## [What needs to be done]
In the entries below, find the line with "واعلم أن غرضنا" and the line with "最后一般是加些少量的毛,戳一"; copy them and every line between them exactly, but not the pictures.

## [Data excerpts]

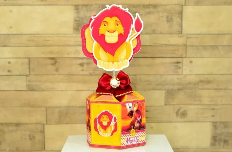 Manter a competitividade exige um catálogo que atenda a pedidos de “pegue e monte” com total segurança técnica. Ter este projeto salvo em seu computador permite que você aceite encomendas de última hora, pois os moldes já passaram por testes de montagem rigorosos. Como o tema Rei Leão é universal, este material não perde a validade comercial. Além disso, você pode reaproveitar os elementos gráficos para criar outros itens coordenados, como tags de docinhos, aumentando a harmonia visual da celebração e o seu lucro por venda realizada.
---
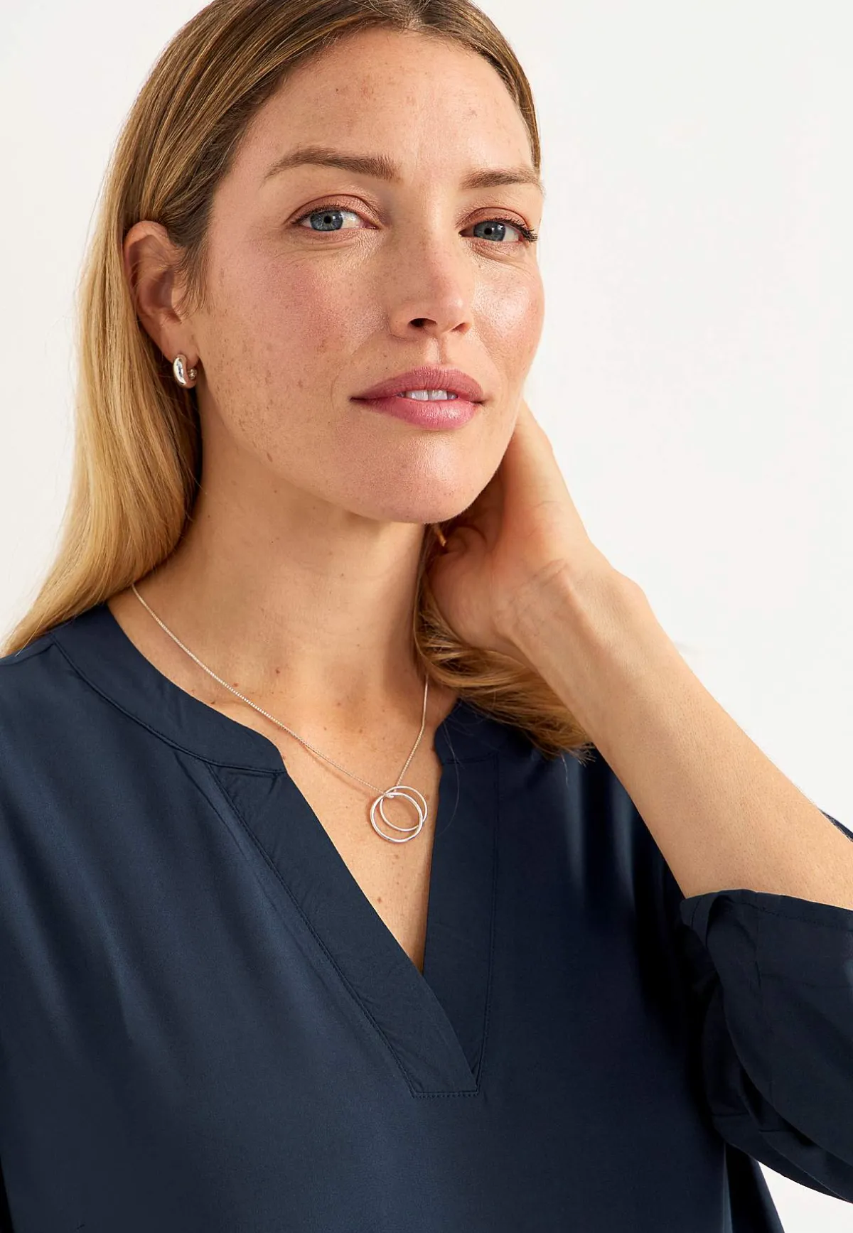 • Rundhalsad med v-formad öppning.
--
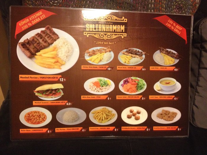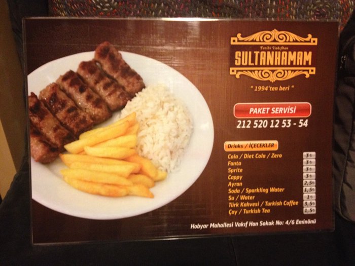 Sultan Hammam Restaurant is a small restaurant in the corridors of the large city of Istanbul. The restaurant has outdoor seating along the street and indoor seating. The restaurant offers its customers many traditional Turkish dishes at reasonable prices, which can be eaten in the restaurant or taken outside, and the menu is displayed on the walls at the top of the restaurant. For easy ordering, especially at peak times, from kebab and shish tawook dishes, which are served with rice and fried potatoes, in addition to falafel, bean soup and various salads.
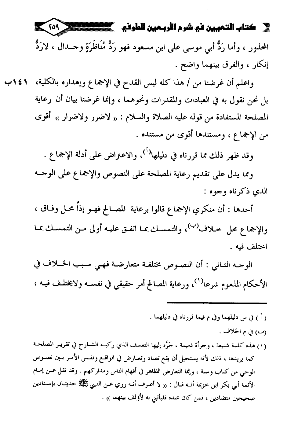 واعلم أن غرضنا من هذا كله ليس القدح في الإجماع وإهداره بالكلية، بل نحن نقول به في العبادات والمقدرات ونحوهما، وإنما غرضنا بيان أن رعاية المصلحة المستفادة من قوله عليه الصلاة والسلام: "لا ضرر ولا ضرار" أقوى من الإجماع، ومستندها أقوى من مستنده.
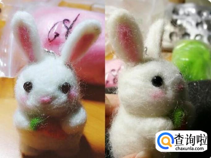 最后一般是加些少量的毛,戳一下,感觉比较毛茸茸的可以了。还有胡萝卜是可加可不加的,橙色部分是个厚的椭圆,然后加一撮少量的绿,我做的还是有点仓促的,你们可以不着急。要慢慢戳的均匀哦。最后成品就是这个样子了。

## [Reply]
 واعلم أن غرضنا من هذا كله ليس القدح في الإجماع وإهداره بالكلية، بل نحن نقول به في العبادات والمقدرات ونحوهما، وإنما غرضنا بيان أن رعاية المصلحة المستفادة من قوله عليه الصلاة والسلام: "لا ضرر ولا ضرار" أقوى من الإجماع، ومستندها أقوى من مستنده.
 最后一般是加些少量的毛,戳一下,感觉比较毛茸茸的可以了。还有胡萝卜是可加可不加的,橙色部分是个厚的椭圆,然后加一撮少量的绿,我做的还是有点仓促的,你们可以不着急。要慢慢戳的均匀哦。最后成品就是这个样子了。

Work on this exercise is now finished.